- Assignment:
The output has to be the full set of records, reproduced exactly, minus any picture.

- Available data:
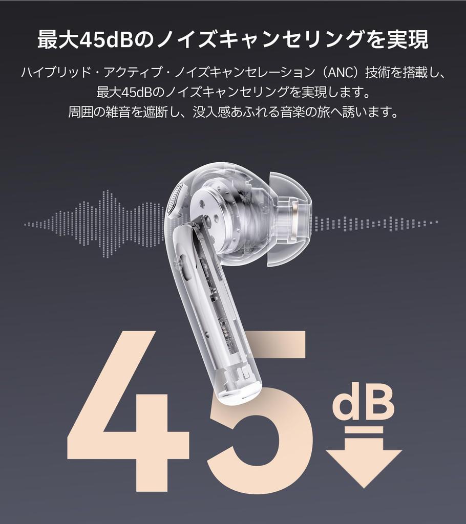 [-45 дБ Активное шумоподавление] Оснащен гибридной системой активного шумоподавления (АНК) технология, позволяющая достичь шумоподавления до 45 дБ. Он блокирует окружающий шум и создает среду, в которой вы можете лучше сосредоточиться.. Доступен широкий спектр опций, соответствующих вашим предпочтениям и условиям окружающей среды, включая высокий уровень шумоподавления, низкий уровень шумоподавления, режим подавления ветра и режим внешней звукозаписи.. В тишине музыка звучит более отчетливо и глубоко, приглашая вас в захватывающее музыкальное путешествие.
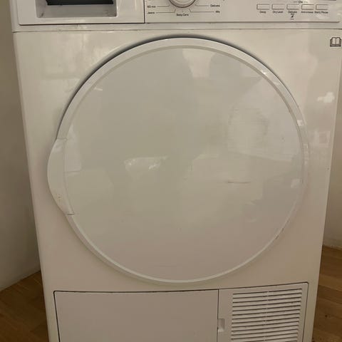 Matsui kondenstørketrommel i hvitt. Egnet for vanlig bruk i husholdning til tørking av klær og tekstiler. Enkel frontbetjening og klassisk frittstående design.
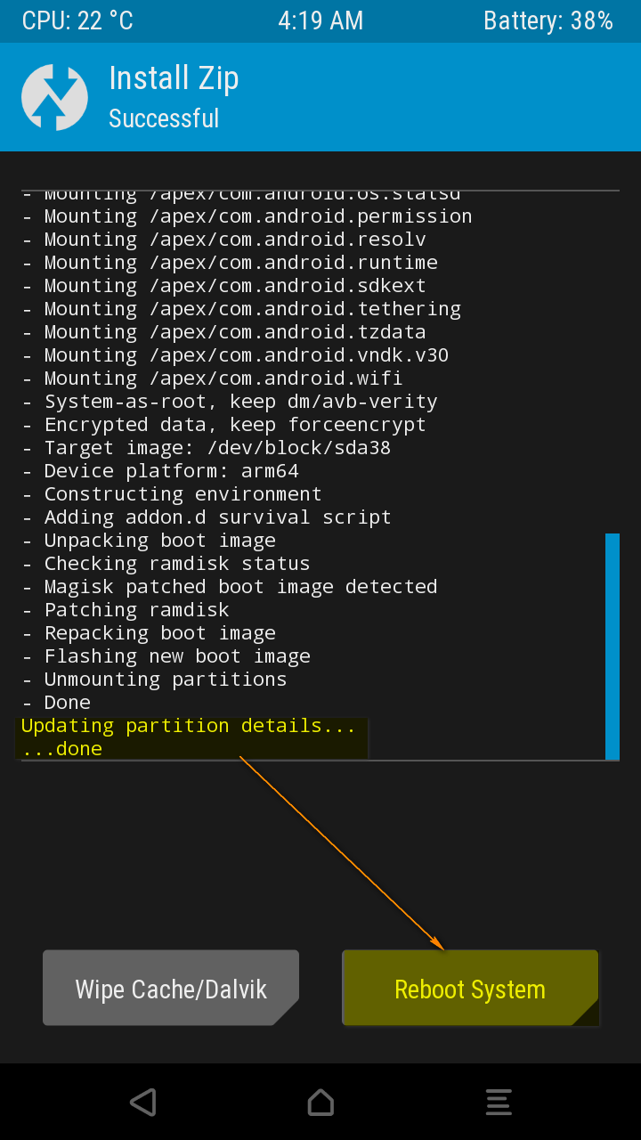 이후 생성된 압축파일을 다시 커스텀 리커버리로 진입하여 설치해준 후 기기를 재시작합니다.
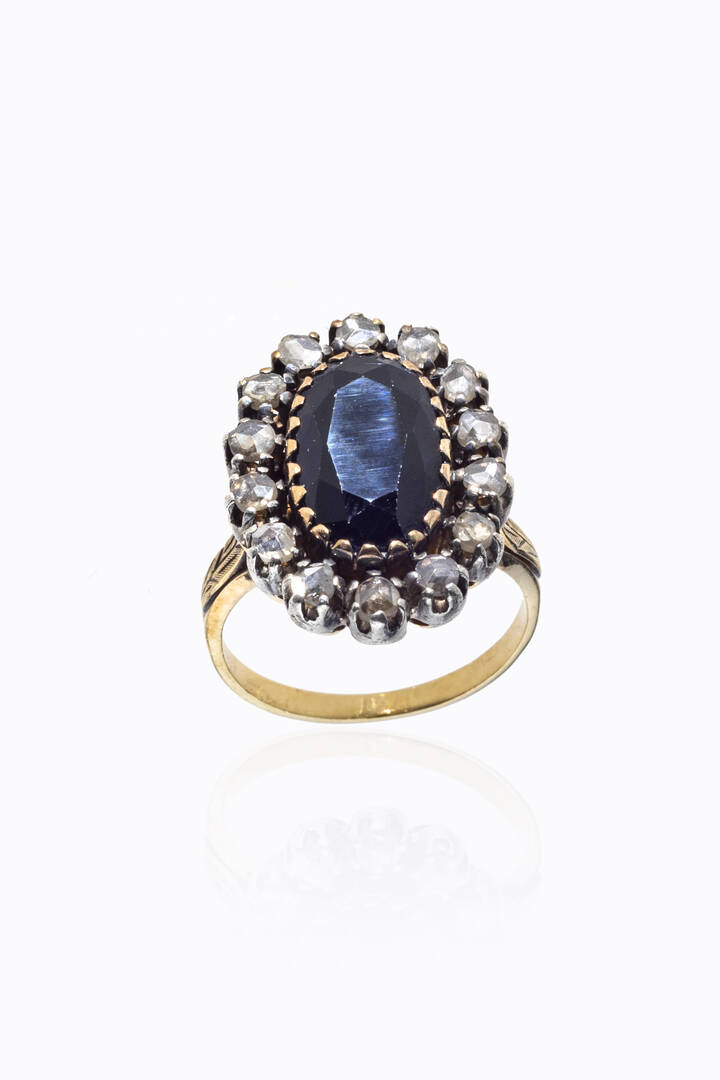 Peso gr 7 6 Misura 15 (559 in oro giallo a bassa caratura ed argento sommità a margherita con al centro zaffiro taglio ovale di ct 4 50 ca contornato da rosette di diamanti per totali ct 0 70 ca
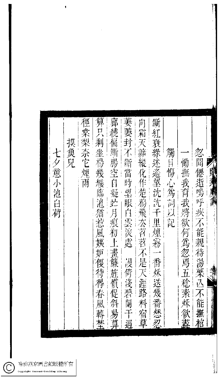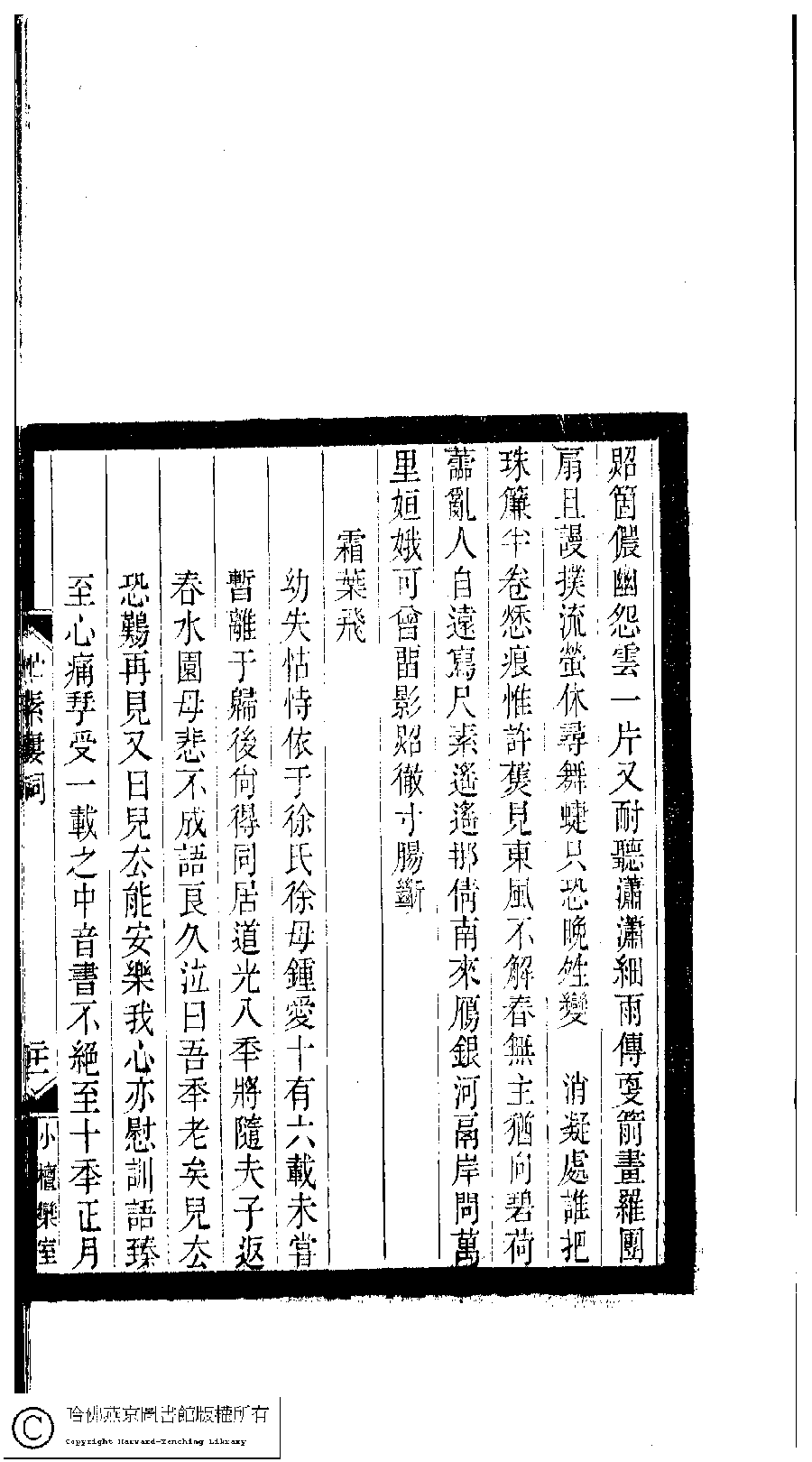 | (PRINT FRIENDLY VERSION) 小檀欒室彙刻閨秀詞﹕十集一百種一百卷(清徐乃昌輯) : 貯素樓詞﹕一卷。清光緒二十二年(1896)南陵徐氏刻本。 ![]() Page : 貯素樓詞.21b | click for larger image | 小檀欒室彙刻閨秀詞﹕十集一百種一百卷(清徐乃昌輯) : 貯素樓詞﹕一卷。清光緒二十二年(1896)南陵徐氏刻本。![]() Page : 貯素樓詞.21a | click for larger image | Back |
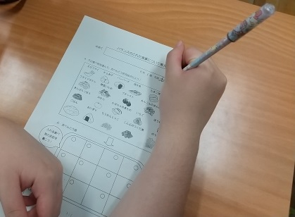 最初男子と女子に分かれて、弁当の内容を考えるようにすると、子どもたちはとても盛り上がり一生懸命弁当の内容を考えていました。
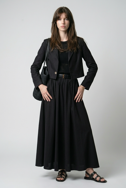 Ensemble Tailleur Lin Veste coupe carré et Jupe à volants - Noir
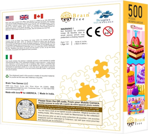 Sestavljanka V Slaščičarni znamke Brain Tree prinaša edinstveno izkušnjo zahvaljujoč naključno rezanim kosom, ki dodajo sestavljanju pridih pustolovščine. Vsak kos je original, kar zagotavlja zabavo pri vsakem sestavljanju. Mat obdelava omogoča lepo prikazovanje tudi ob spreminjajočih se svetlobnih pogojih.
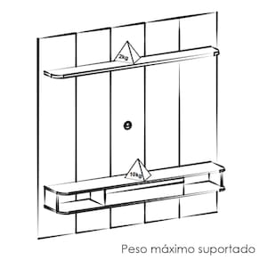Peso máximo suportado: 12kg (02kg prateleira/ nicho central 10kg).
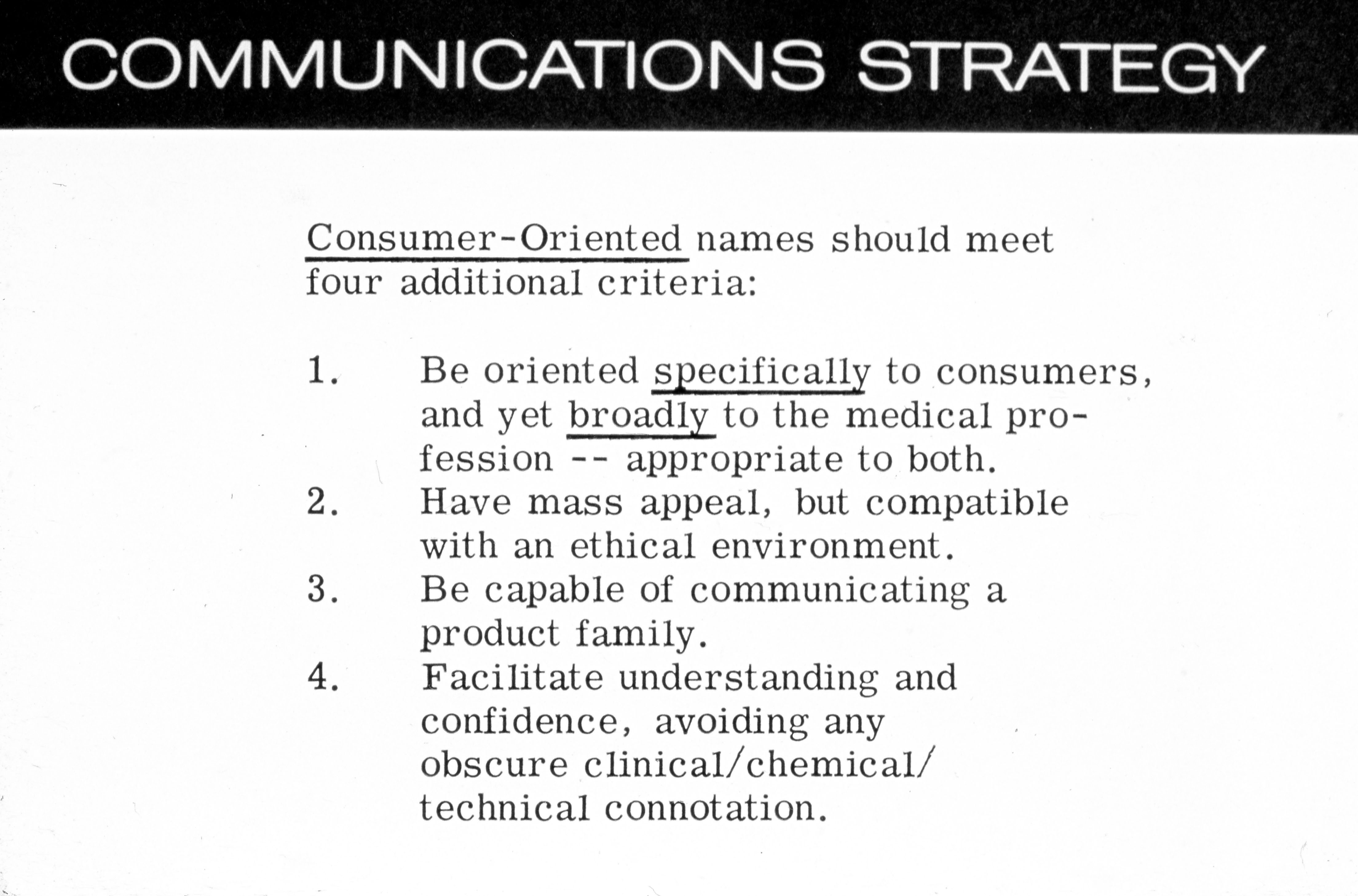 Business presentation on Mead Johnson communications strategy: extra criteria for all consumer-oriented brand names to meet

- Result of the task:
 [-45 дБ Активное шумоподавление] Оснащен гибридной системой активного шумоподавления (АНК) технология, позволяющая достичь шумоподавления до 45 дБ. Он блокирует окружающий шум и создает среду, в которой вы можете лучше сосредоточиться.. Доступен широкий спектр опций, соответствующих вашим предпочтениям и условиям окружающей среды, включая высокий уровень шумоподавления, низкий уровень шумоподавления, режим подавления ветра и режим внешней звукозаписи.. В тишине музыка звучит более отчетливо и глубоко, приглашая вас в захватывающее музыкальное путешествие.
 Matsui kondenstørketrommel i hvitt. Egnet for vanlig bruk i husholdning til tørking av klær og tekstiler. Enkel frontbetjening og klassisk frittstående design.
 이후 생성된 압축파일을 다시 커스텀 리커버리로 진입하여 설치해준 후 기기를 재시작합니다.
 Peso gr 7 6 Misura 15 (559 in oro giallo a bassa caratura ed argento sommità a margherita con al centro zaffiro taglio ovale di ct 4 50 ca contornato da rosette di diamanti per totali ct 0 70 ca
 | (PRINT FRIENDLY VERSION) 小檀欒室彙刻閨秀詞﹕十集一百種一百卷(清徐乃昌輯) : 貯素樓詞﹕一卷。清光緒二十二年(1896)南陵徐氏刻本。 ![]() Page : 貯素樓詞.21b | click for larger image | 小檀欒室彙刻閨秀詞﹕十集一百種一百卷(清徐乃昌輯) : 貯素樓詞﹕一卷。清光緒二十二年(1896)南陵徐氏刻本。![]() Page : 貯素樓詞.21a | click for larger image | Back |
 最初男子と女子に分かれて、弁当の内容を考えるようにすると、子どもたちはとても盛り上がり一生懸命弁当の内容を考えていました。
 Ensemble Tailleur Lin Veste coupe carré et Jupe à volants - Noir
 Sestavljanka V Slaščičarni znamke Brain Tree prinaša edinstveno izkušnjo zahvaljujoč naključno rezanim kosom, ki dodajo sestavljanju pridih pustolovščine. Vsak kos je original, kar zagotavlja zabavo pri vsakem sestavljanju. Mat obdelava omogoča lepo prikazovanje tudi ob spreminjajočih se svetlobnih pogojih.
Peso máximo suportado: 12kg (02kg prateleira/ nicho central 10kg).
 Business presentation on Mead Johnson communications strategy: extra criteria for all consumer-oriented brand names to meet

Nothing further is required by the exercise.